In this way, Powers’ sensibility recalls the poetic ethic of Pablo Neruda, particularly in Odes to Common Things, where socks, soap, bread, and chairs are granted the dignity of sustained attention. Powers and Neruda share a similar conviction that reverence emerges when you learn to look without hierarchy. These paintings embody a democratic form of attention: the belief that significance is not assigned by cultural prestige, but discovered through sustained looking. Common objects can be seen not as symbols standing in for something grander, but as presences fully deserving of encounter in themselves.
This quality of sustained presence helps explain why the paintings feel less like declarations than invitations. As writer Tamsin Smith observed, “These paintings do not lecture, they offer you a chair, a cup of coffee and a wonderful conversation about the meaning of life or that thing that happened on the way to the store. They are vital, they are real, and they are necessary in the way that friendship is. They are the subtlest form of treasure.” The warmth Smith identifies comes not from sentimentality, but from the paintings’ openness and generosity of attention.
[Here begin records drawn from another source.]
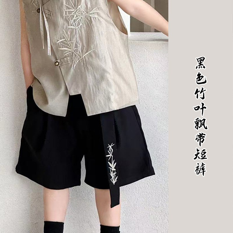 • 10533 검은 대나무 잎 스트랩 반바지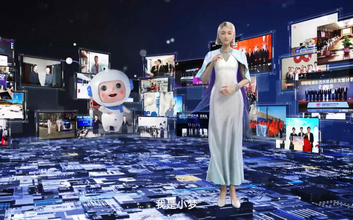 视频开头,超写实数字人安未希身穿礼服,自一片光柱中穿越而来,亲切的与观众进行互动,而调皮活泼的小梦则在科技感、未来感十足的场景中肆意遨游穿梭,为观众一一介绍联通A股公司2021年取得的业绩成果。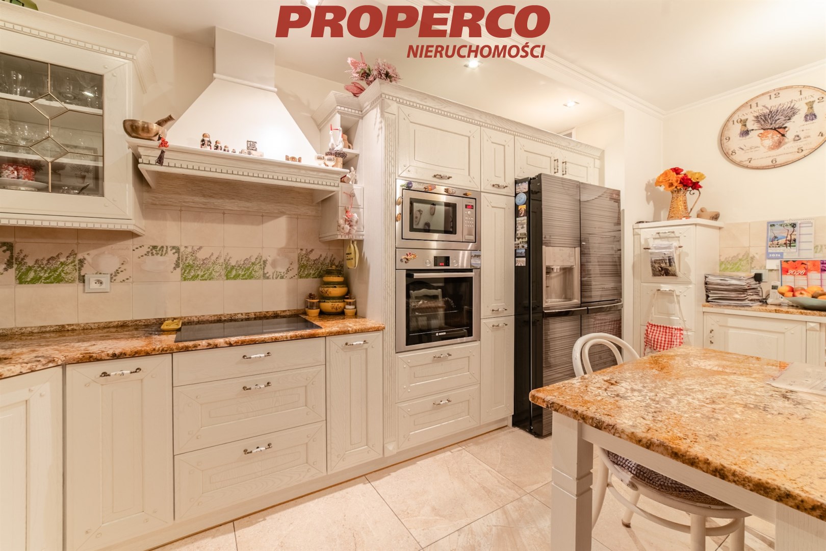 The kitchen has been designed with both functionality and aesthetics in mind and is equipped with wooden oak cabinetry, including practical cargo-type pull-out units, a granite table, and high-end household appliances: fridge-freezer, dishwasher, microwave, induction hob, and oven.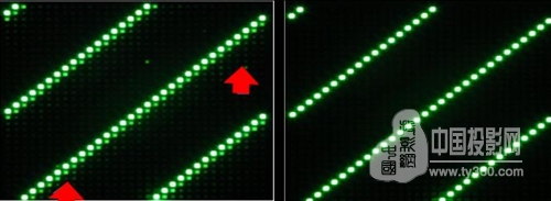 (下圖左邊為普通恒流驅動芯片的顯示效果,右邊為PWM高灰階驅動芯片的顯示效果)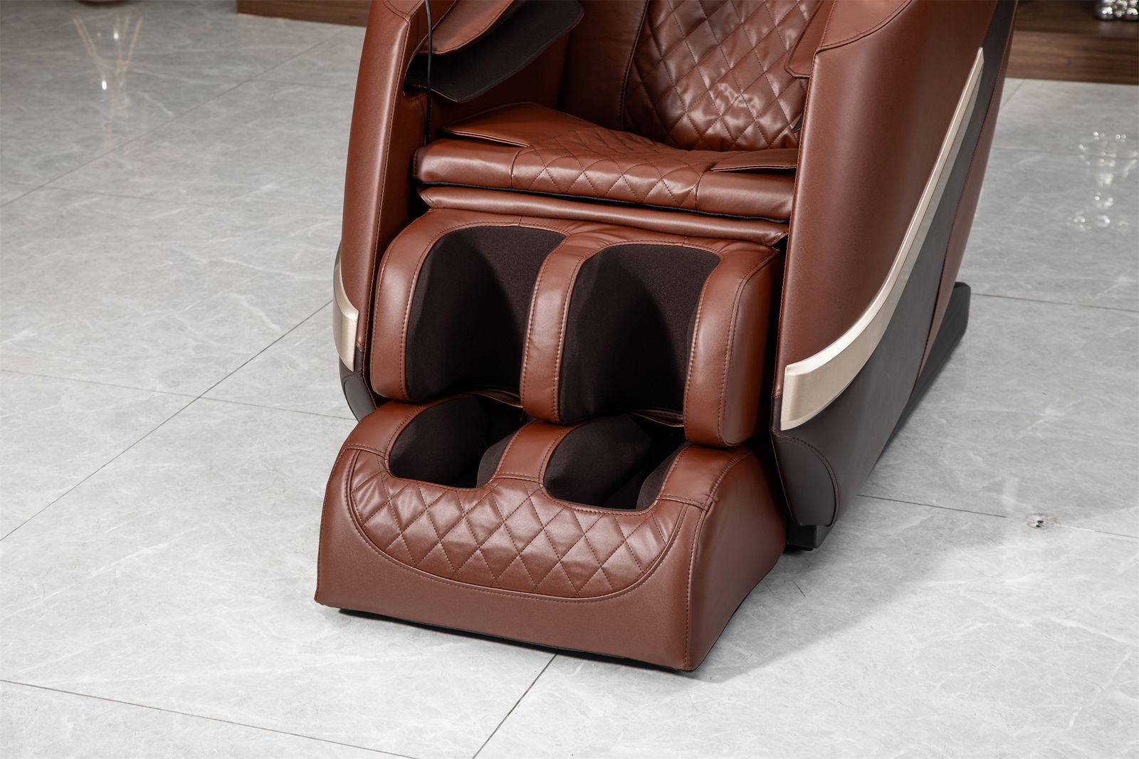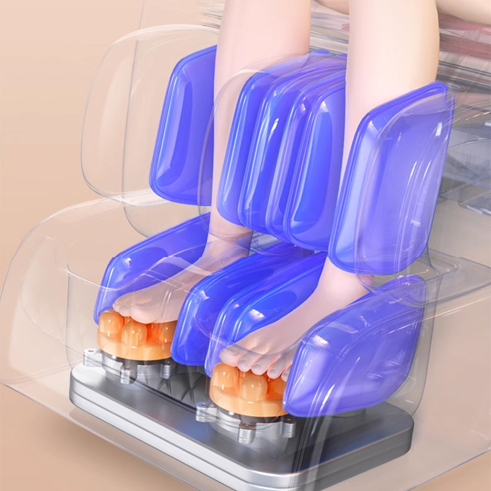 Łydki i stopy masowane za pomocą poduszek powietrznych jest to masaż uciskowy tą opcję można wyłączyć w programie manualnym. Ponadto rolowanie stóp systemem rolek Shiatsu to świetne rozwiązanie po ciężkim dniu pracy dla twoich stóp. Nasz system posiada aż 3 prędkości rolowania.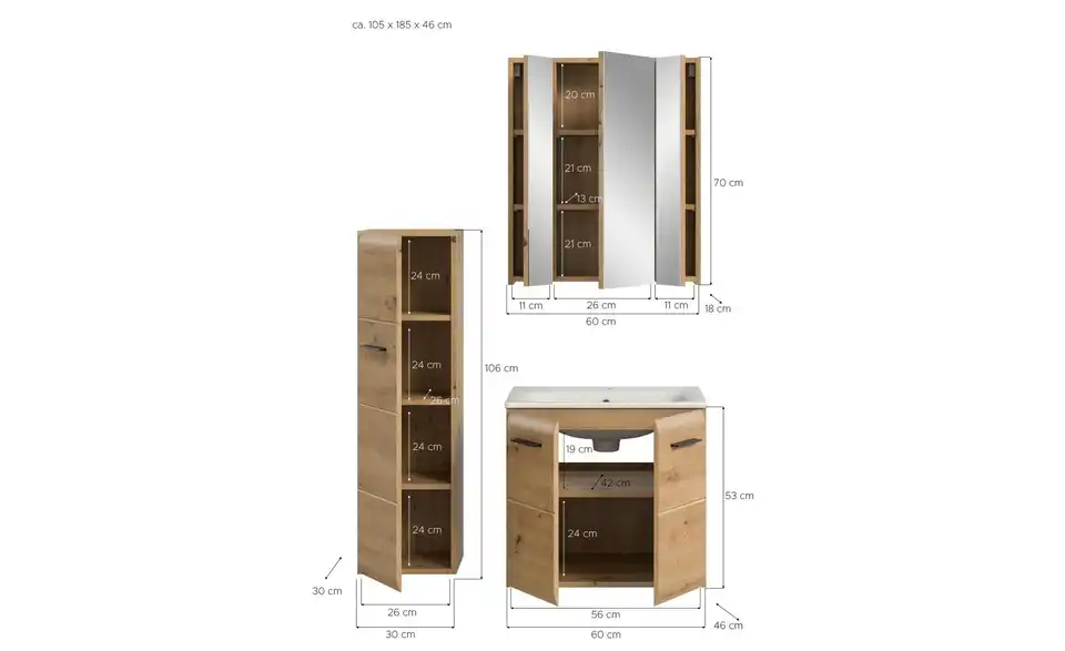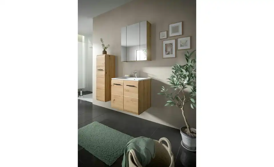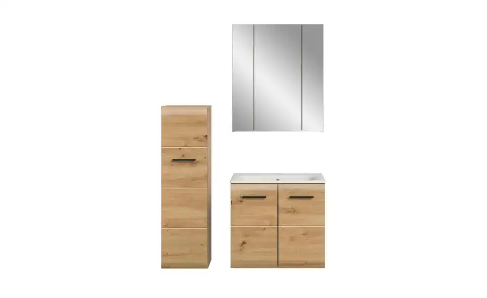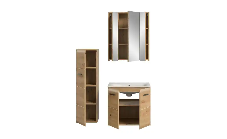 - Bestehend aus1x Stauraumtype, 1x Waschtisch inkl. Waschbecken, 1x Spiegelschrank

Powers approaches the world without hierarchy or irony; the paintings ask only that we remain with them long enough to notice how much feeling and formal complexity ordinary life already contains. Their intimacy lies in their patience. Like friendship, they accrue meaning slowly, through repeated encounters and accumulated observation rather than spectacle or persuasion. In an era that often rewards spectacle or conceptual distance, these paintings possess the courage of direct attention. Their achievement lies not in transforming ordinary life into fantasy, but in revealing how visually mysterious ordinary life already is.